Conclusion
The drafting and adoption of a new PRC Constitution between September 1980 and December 1982 was a process that closely reflected the ongoing massive changes occurring at the time in Chinese politics and society.
This was the case even despite the ultimate decision to produce a relatively conservative document that, in Peng Zhen's words, ‘didn't change anything that didn't need changing’, stuck to goals ‘that could be accomplished now', and in large measure returned to the key features of the 1954 Constitution. Initially hotly debated ideas, such as the introduction of a Senate-like upper chamber for the NPC to provide a check on arbitrary or misguided use of state power, fell by the wayside. On the other hand, such features were to a certain extent transposed to the intra-Party realm.Indeed, the provisions for increased intra-Party democracy as well as an enhanced role for collective decision-making were to play a major role in ideological struggles of the 1980s. By 1983, officials on the Party's left including Hu Qiaomu and Deng Liqun had convinced Deng Xiaoping of the need for a campaign to counter trends of ‘bourgeois liberalisation' that were being promoted by liberal intellectuals associated with Hu Yaobang and his policies. By the end of the decade, there would emerge a growing consensus on the need to further bolster the provisions of the Constitution providing protections for the private market economy, but not on issues of political liberalisation. The popular protest movement of 1989 that gathered pace after Hu's death that year, and its suppression leading to a major change in the composition of the Party leadership, would further entrench this posture.
Meanwhile, some features of the 1982 Constitution also influenced the process of determining the future constitutional frameworks for Hong Kong and Macao. The notion of an ‘upper house' of representatives from various sectors of society, for example, was soon to make a kind of reappearance in the form of ‘functional constituencies' in the legislature and a powerful Election Committee, both of which were first articulated in 1984.

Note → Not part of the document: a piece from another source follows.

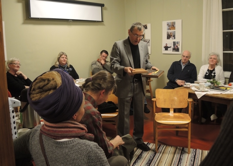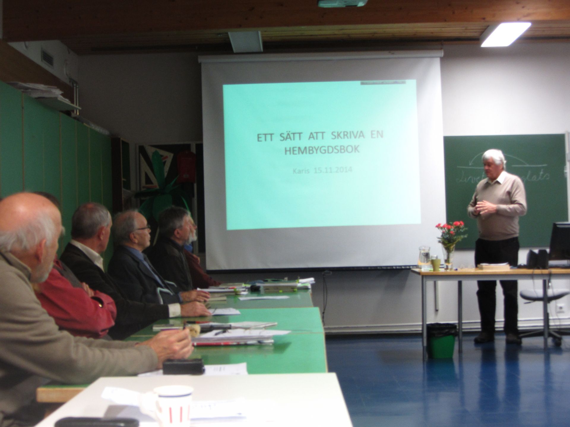 Ordförande Torsten Bergman berättade om hur lokalarkivet grundades, lokaliteternas historia, hur arkivet stöds och finansieras. Arkivföreståndaren Gunilla Lindholm berättade om arkiv i allmänhet, om verksamheten i Arresten och om hur arkivet får material. Synnöve Mansikkaniemi berättade kort om minnestalkona som en arkivbildare.

While these drew on multiple influences, the public early 1980s discussions over a ‘Social Chamber' in the NPC served as a precedent; indeed, Xu Chongde and some others who had worked at the CRC Secretariat would also play significant roles in the drafting of Hong Kong's Basic Law.The subsequent history of the PRC Constitution has largely reinforced its character as a major pillar of what is usually referred to as ‘law-based governance', as well as stably functioning state institutions, supporting an orderly and extensively marketised society. These features were reinforced over the course of subsequent amendments in 1988, 1993, 1999, 2004, and 2018, of which the content has mostly focused on the ever more explicit denotation of legal protections for private property ownership - although the most recent amendments of 2018 were instead directed to a range of issues including, eg, the creation of a new anti-corruption supervision body as well as a migration of ‘the leadership of the Communist Party' from Peng Zhen's Preamble to the main constitutional text. The two-term limit introduced for the State Chairman office, meanwhile, was removed.
The overall importance of the Constitution to both state governance and Party ideology was strongly asserted over the course of 2013-14, in the early period of Xi Jinping's first term. The opening of a national debate on constitutional matters was announced, with various views articulated in the public sphere although, on the whole, the officially endorsed conclusions ruled out any transformation of the Constitution into a judiciable source of law. Nonetheless, the Xi era has been associated with a number of strong affirmations of the 1982 Constitution itself as well as of many of its most notable features. These include the empowerment of the NPC Standing Committee, which remains the sole authorised interpreter of the Constitution and, since, 2018 has had one of its special committees explicitly designated as the ‘Rule of Law and Constitutional Affairs Committee', tasked with ensuring that prospective legislation is in accordance with the Constitution.
In adopting this approach rather than any empowerment of the judiciary as constitutional interpreter, the 2018 amendments could be seen as consistent with Deng and Peng's constitutional vision.Another recent move was the introduction of the annual ‘National Constitution Day' holiday on 4 December, the anniversary of the Constitution's adoption in 1982. A major example of a pufa, or ‘law popularisation' activity that intends to spread social consciousness about legal norms and institutions, as well as their proper uses and relation to the state apparatus, the holiday has been associated with state-organised events and celebrations each year since 2014. On the whole, celebration and affirmation of the PRC Constitution has reached a new high point during Xi's administration, mirroring a general approach that places heavy emphasis on ‘socialist legality' as well as law and order issues.
The 1980-1982 constitutional drafting process is rightly seen as a major political and ideological turning point, and indeed one that represented not just changes in the state, but also the reassertion of sectors of Chinese society that had been systematically excluded from public life under previous political arrangements. Even though the process by which the Constitution was adopted could not be said to be one based on unfettered and non-hierarchical open debate, it did generate a document enjoying a broad sense of social legitimacy - independent intellectuals, activists, and even dissidents have not infrequently turned to the Constitution for support, if usually unsuccessfully. That such consensus-generation can occur even in the absence of judicial enforcement underlines the pragmatic impacts of constitutional documents and ideas outside as well as within the courtroom.